To implement this function, we need to handle the three data constructors of the Letter type. To interpret the letters L (move left) and R (move right), we simply have to update the state to change the angle theta appropriately:

    interpret state L = pure $ state { theta = state.theta - Number.tau / 6.0 }
    interpret state R = pure $ state { theta = state.theta + Number.tau / 6.0 }

To interpret the letter F (move forward), we can calculate the new position of the path, render a line segment, and update the state as follows:

    interpret state F = do
      let x = state.x + Number.cos state.theta * 1.5
          y = state.y + Number.sin state.theta * 1.5
      moveTo ctx state.x state.y
      lineTo ctx x y
      pure { x, y, theta: state.theta }

Note that in the source code for this chapter, the interpret function is defined using a let binding inside the main function, so that the name ctx is in scope. It would also be possible to move the context into the State type, but this would be inappropriate because it is not a changing part of the state of the system.

To render this L-system, we can simply use the strokePath action:

  strokePath ctx $ lsystem initial productions interpret 5 initialState

Compile the L-system example using

$ spago bundle-app --main Example.LSystem --to dist/Main.js

and open html/index.html. You should see the Koch curve rendered to the canvas.


  1. (Easy) Modify the L-system example above to use fillPath instead of strokePath. Hint: you will need to include a call to closePath, and move the call to moveTo outside of the interpret function.

  2. (Easy) Try changing the various numerical constants in the code to understand their effect on the rendered system.

  3. (Medium) Break the lsystem function into two smaller functions. The first should build the final sentence using repeated application of concatMap, and the second should use foldM to interpret the result.

  4. (Medium) Add a drop shadow to the filled shape using the setShadowOffsetX, setShadowOffsetY, setShadowBlur, and setShadowColor actions. Hint: use PSCi to find the types of these functions.

  5. (Medium) The angle of the corners is currently a constant \( \tau / 6 \). Instead, it can be moved into the Letter data type, which allows it to be changed by the production rules:

    type Angle = Number
    data Letter = L Angle | R Angle | F

    How can this new information be used in the production rules to create interesting shapes?

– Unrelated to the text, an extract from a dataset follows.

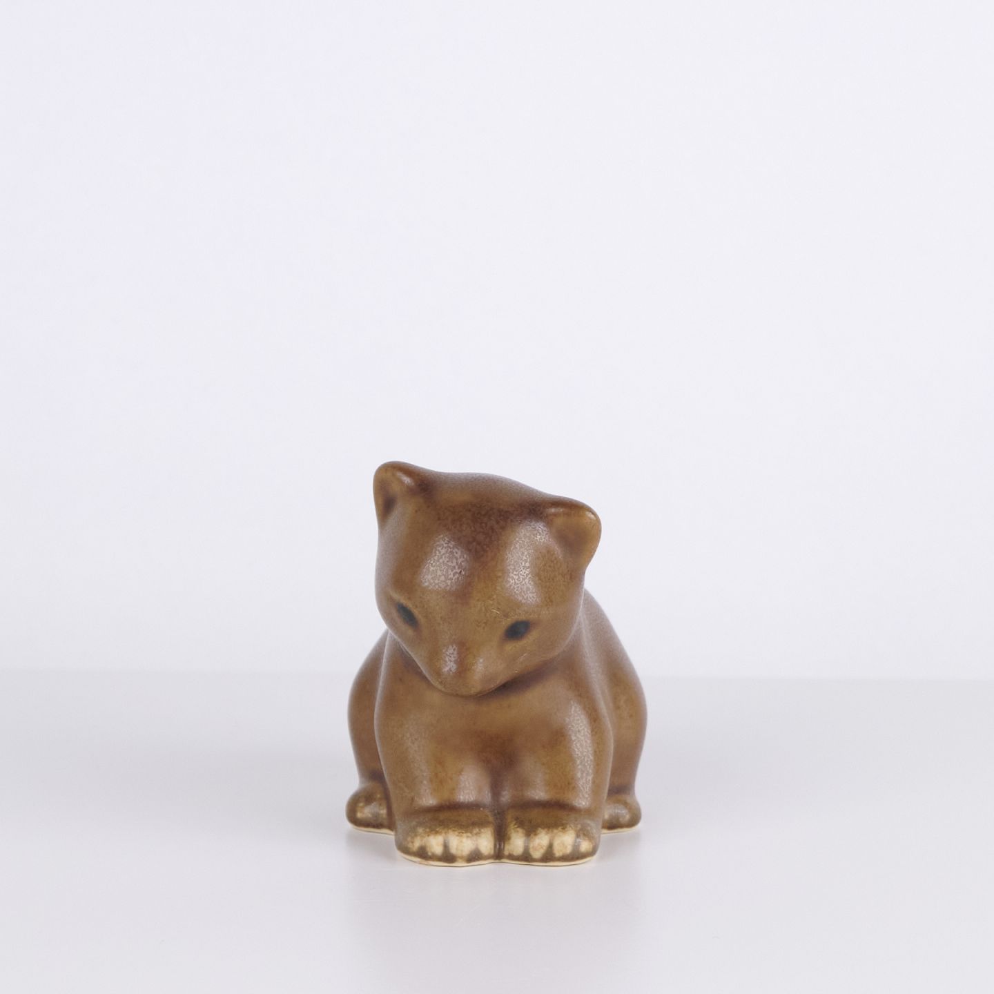 Kattefigur af Knud Basse udført i glaseret keramik. Figuren har bløde organiske former og et roligt stiliseret udtryk, kendetegnende for Knud Basses populære dyrefigurer. Dansk kunstkeramik og eftertragtet samlerobjekt fra midcentury perioden.

  6. (Difficult) An L-system is given by an alphabet with four letters: L (turn left through 60 degrees), R (turn right through 60 degrees), F (move forward), and M (also move forward).

    The initial sentence of the system is the single letter M.

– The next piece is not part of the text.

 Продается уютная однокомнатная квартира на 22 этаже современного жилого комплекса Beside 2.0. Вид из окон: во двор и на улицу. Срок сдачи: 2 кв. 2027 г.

    The production rules are specified as follows:

    L -> L
    R -> R

    Render this L-system. Note: you will need to decrease the number of iterations of the production rules since the size of the final sentence grows exponentially with the number of iterations.

    Now, notice the symmetry between L and M in the production rules. The two "move forward" instructions can be differentiated using a Boolean value using the following alphabet type:

    data Letter = L | R | F Boolean

    Implement this L-system again using this representation of the alphabet.

  7. (Difficult) Use a different monad m in the interpretation function. You might try using Effect.Console to write the L-system onto the console, or using Effect.Random to apply random "mutations" to the state type.


In this chapter, we learned how to use the HTML5 Canvas API from PureScript by using the canvas library. We also saw a practical demonstration of many techniques we have learned already: maps and folds, records and row polymorphism, and the Effect monad for handling side-effects.

The examples also demonstrated the power of higher-order functions and separating data from implementation. It would be possible to extend these ideas to completely separate the representation of a scene from its rendering function, using an algebraic data type, for example:

data Scene
  = Rect Rectangle
  | Arc Arc
  | PiecewiseLinear (Array Point)
  | Transformed Transform Scene
  | Clipped Rectangle Scene
  | ...

This approach is taken in the drawing package, and it brings the flexibility of manipulating the scene as data in various ways before rendering.

For examples of games rendered to the canvas, see the "Behavior" and "Signal" recipes in the cookbook.